The price of copper futures reached $5.16 per pound in the pre-opening hours of the COMEX on Wednesday. In after-hours trading the same evening, copper on the same contract was down to $4.80 per pound, demonstrating the type of volatility that has copper recyclers and traders on edge.
Copper’s price volatility this spring has scrap metal processors adjusting their scale prices on an ongoing basis in an effort to protect their margins when later selling their red metal grades.
The fluctuating price leaves long-distance copper and brass scrap buyers and sellers particularly vulnerable, giving advocates of hedging the opportunity to point out the technique is critical in the current climate.
One cross-border metals trader tells Recycling Today most buyers are committed to hedging, though one of the trader’s Asia-based customers locked in a price (for numerous loads) before the Wednesday plunge on the belief that copper’s price would keep rising this spring and summer. That buyer likely is now eyeing terminal prices with considerable nervousness.
Such optimism in the copper market is not hard to find and has been bolstered in part by a forecast undertaken by New York-based investment bank Goldman Sachs.
In late March, Goldman Sachs analysts raised their year-end forecast for copper’s price on the London Metal Exchange (LME) to $12,000 per metric ton, or $5.44 per pound. This Monday, LME copper’s cash settlement price reached $10,857 per metric ton, or $4.92 per pound, appearing to be on track to head toward the optimistic forecast.
That same forecast sees LME copper vaulting as high as $6.75 per pound in 2025. The bank has pointed to market fundamentals when making its forecast, including a global supply gap it says could reach 450,000 metric tons by the end of this year.
In the interim, however, questions about the role of financial speculation in the copper market have grown in volume. Traders need only look back two years to recall the role short selling and counter short squeezes played in thoroughly disrupting the LME nickel market.
Last week, a Reuters report went beyond saying such speculation was possible and identified companies, including Singapore-based Trafigura and Switzerland-based IXM, as among those involved in a high-stakes short-selling jousting competition.
Trying to determine how much the price of copper reflects the metal’s current and forecasted supply and demand fundamentals and how much is attributable to financial speculation has been a leading topic of discussion for commodity market analysts.
New York-based red metals analyst John Gross, in his May 17 edition of The Copper Journal Weekly Report, casts his vote with speculation as the leading cause of the spring 2024 price surge.
“To our way of thinking, the volatility in copper and other metals is the result of massive speculation, whereby buying begets buying until it simply runs out of steam,” Gross writes. “We’ve been here many times before, and the story always ends in tears.”

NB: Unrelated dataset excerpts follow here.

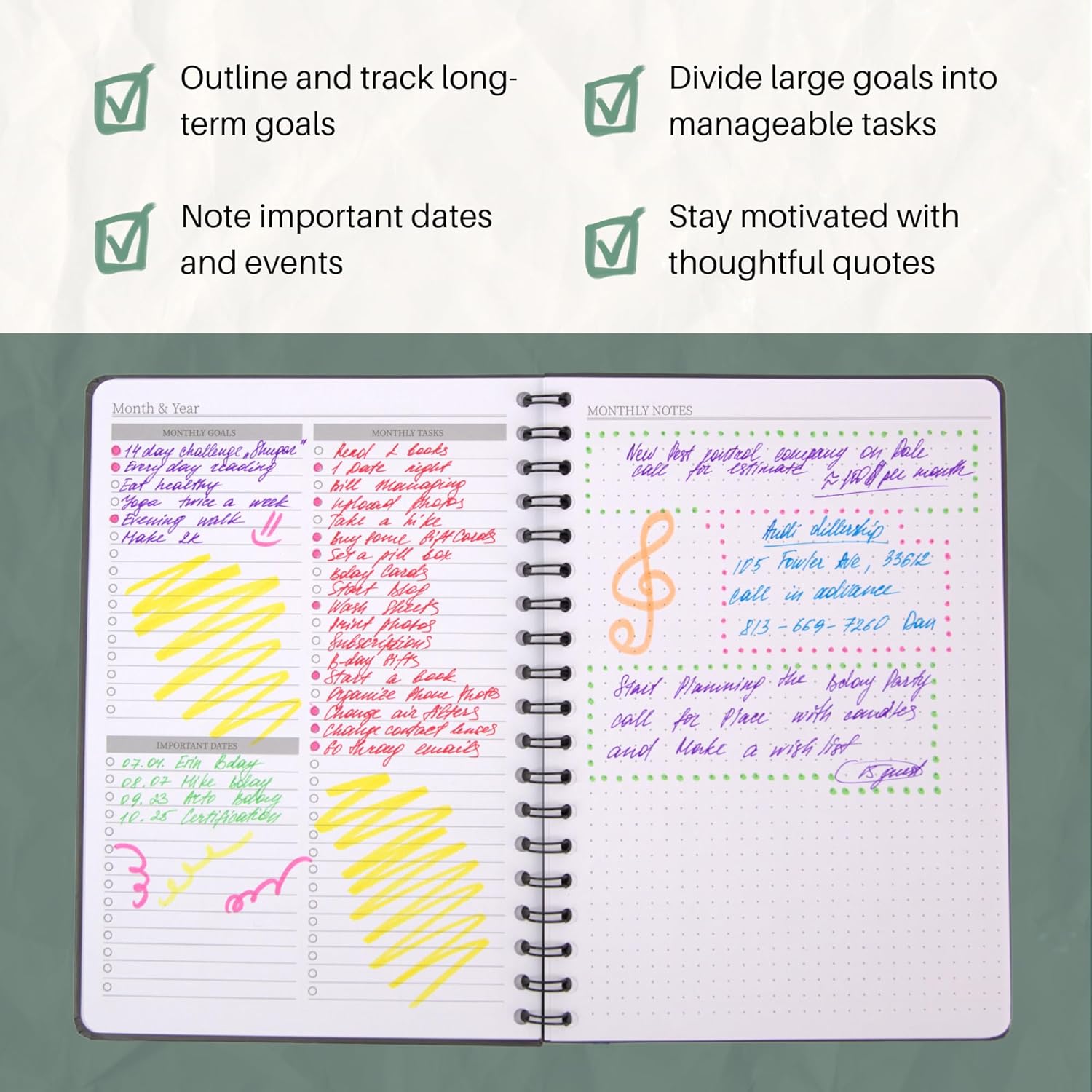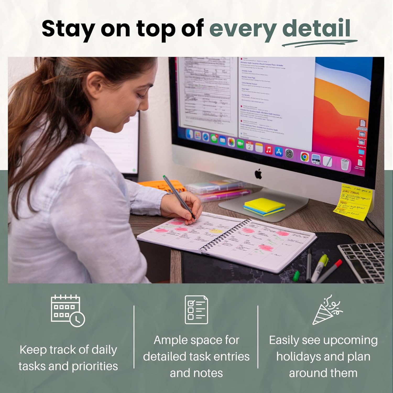 - Thoughtful Features - Designed by avid planners for office workers, students and active moms alike, our calendar + planner has ample room to jot down all of your appointments, birthdays, events, meetings and more. Also equipped with a back pocket to hold notes, shopping lists, pens and more.
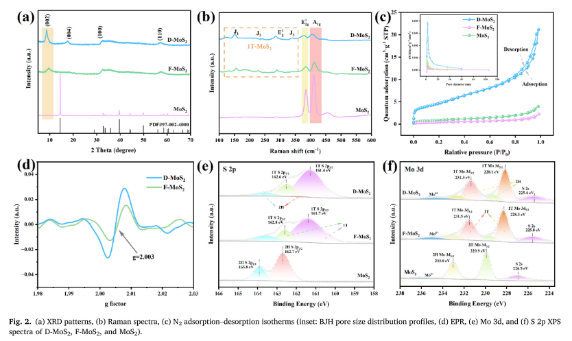 XRD(002)由9.02°→8.71°显著左移,证实层间扩展;Raman出现J1–J3峰并伴随E12g红移/展宽,指向1T增强与Mo–S键弱化。N₂吸脱表明介/微孔并存,比表面积升至16.94 m2·g-1,源于空化致孔;EPR g≈2.003与ICP共同量化S空位,F-MoS₂为11.79%,D-MoS₂达14.87%,显著提升活性位与润湿性。
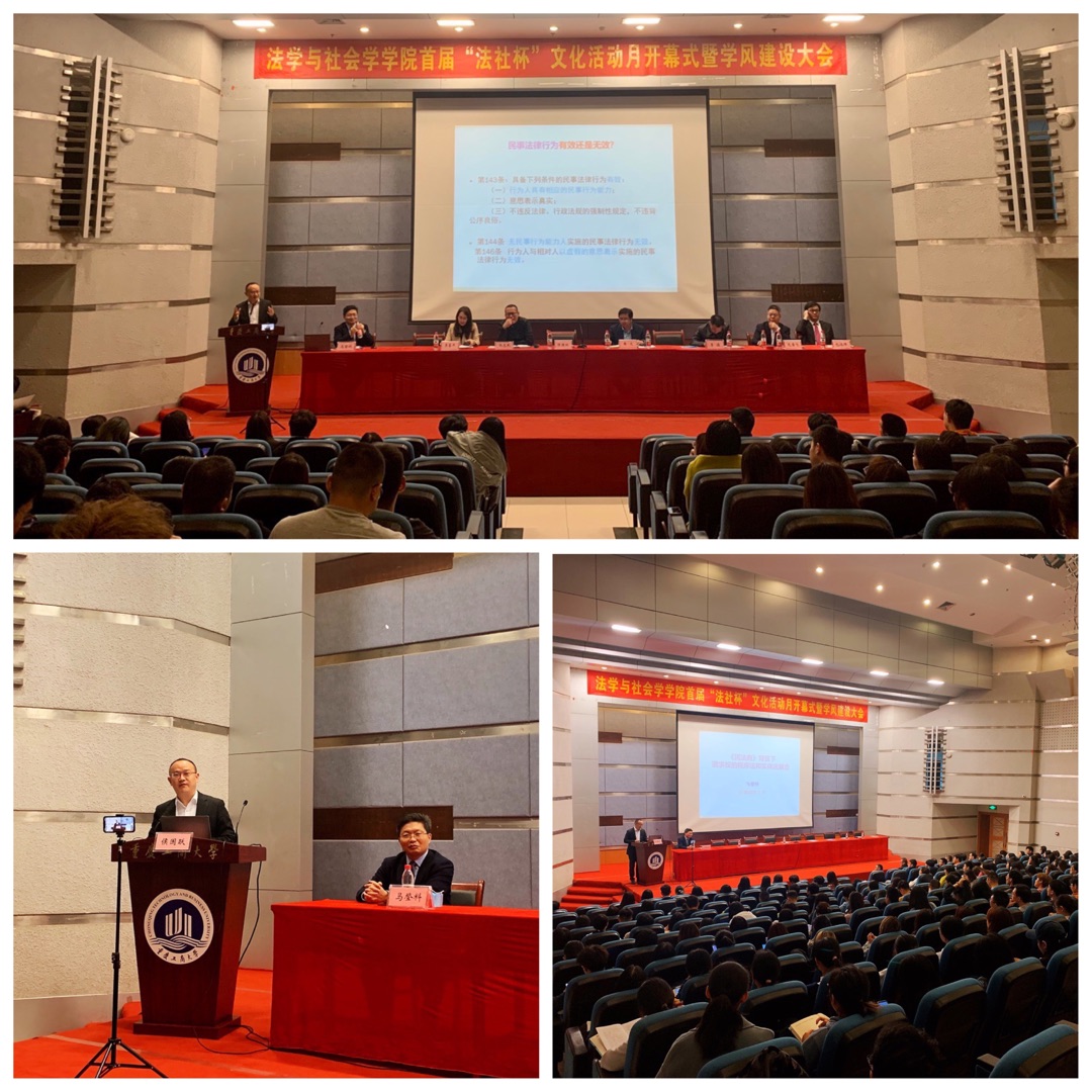 新时代、新使命、新作为,刚刚胜利召开的党的十九届五中全会为我国高等教育人才培养指引了方向。法学与社会学学院高度重视人才培养质量,不断探索和构建“三全育人”格局,在人才培养模式和途径上积极探索,多元协同,多维贯通,多层创新,努力提升育人质量。2020年11月11日,法社学院文化活动月开幕式暨学风建设大会在博智楼7100报告厅隆重召开,副校长李国军、学工部部长申卫东、校团委书记杨娟、西南政法大学马登科教授、侯国跃教授、范雪飞教授、包冰峰副教授、李俊副教授以及学院班子成员、教师代表、辅导员、本硕学生参加大会,会议由学院分党委副书记、纪委书记林璐主持。

In a May 20 report, Andy Home, a veteran commodities reporter for Reuters, says the speculation involving Trafigura and IMX “has added fuel to a rally that has driven the copper price up by 27 percent since January and reinforced a bull narrative of a market caught between constrained supply and green demand boom.”
Beyond the U.S. and London terminal markets and affiliated warehouses, however, Home questions whether the world genuinely faces a copper shortage this year or next.
“Not everyone is short of copper,” he writes. “China, the world’s largest buyer, has plenty of the stuff.” He says that circumstance is “a useful reminder the world hasn’t run out of copper just yet.”
At the end of this March, Home says, warehouses tied to the world’s trading exchanges (COMEX, the LME and the Shanghai Futures Exchange, or SHFE) held more than 490,000 metric tons of copper, which Home says is “the highest monthly level since August 2021.”
Much of that, he notes, is in the hands of SHFE participants.
“Assuming traders can shift copper to CME warehouses and rebuild depleted stocks,” that circumstance would “leave [a] far larger disconnect between price and supply chain reality," Home says.